Last week’s dynamic succession of events increased the volatility of S&P500 as the weekly movement range reached 53.25pts. Monday was the day of the lowest volatility level (a day-off in the US – 4,75 pts). Wednesday was the day of the highest volatility - 36.5 pts. The situation was favorable for those option traders who bought volatility on June 1st before the news releases. The expected volatility (VIX) rose during the week: Tuesday showed the lowest volatility while S&P500 was rallying. The highest volatility (19.87pts) was seen at the very beginning of Friday’s trading session when S&P500 broke the significant level 1300.
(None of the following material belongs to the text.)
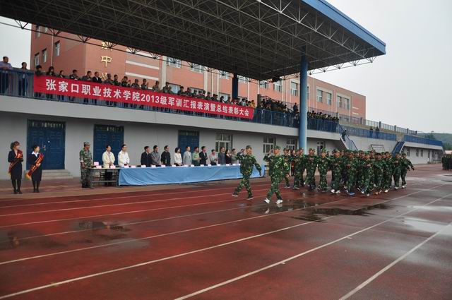 9 月18日上午9時(shí),伴隨著莊嚴(yán)雄壯的國(guó)歌聲,我院2013級(jí)新生軍訓(xùn)匯報(bào)表演暨總結(jié)表彰大會(huì)在體育場(chǎng)隆重舉行。黨委書記胡煒、院長(zhǎng)王立秋、紀(jì)委書記史慧武出席大會(huì),各系書記、團(tuán)總支書記、新生輔導(dǎo)員及學(xué)院軍訓(xùn)領(lǐng)導(dǎo)小組全體成員參加了大會(huì),張家口軍分區(qū)軍訓(xùn)辦參謀翟民偉應(yīng)邀到會(huì)。大會(huì)由史慧武主持。

This week’s news calendar:

In terms of the option strategies of volatility trading, the following news releases should be paid attention to:
· Fed Chairman Bernanke Speaks
· Trade Balance
· Unemployment Claims
The high level of the expected volatility of S&P500 and the market uncertainty about the perspectives of the US economy (possible default and uncertainty about the QE3) make volatility trading dangerous, whether it is volatility sales or purchases. However, it is preferable to buy volatility after the VIX value is down.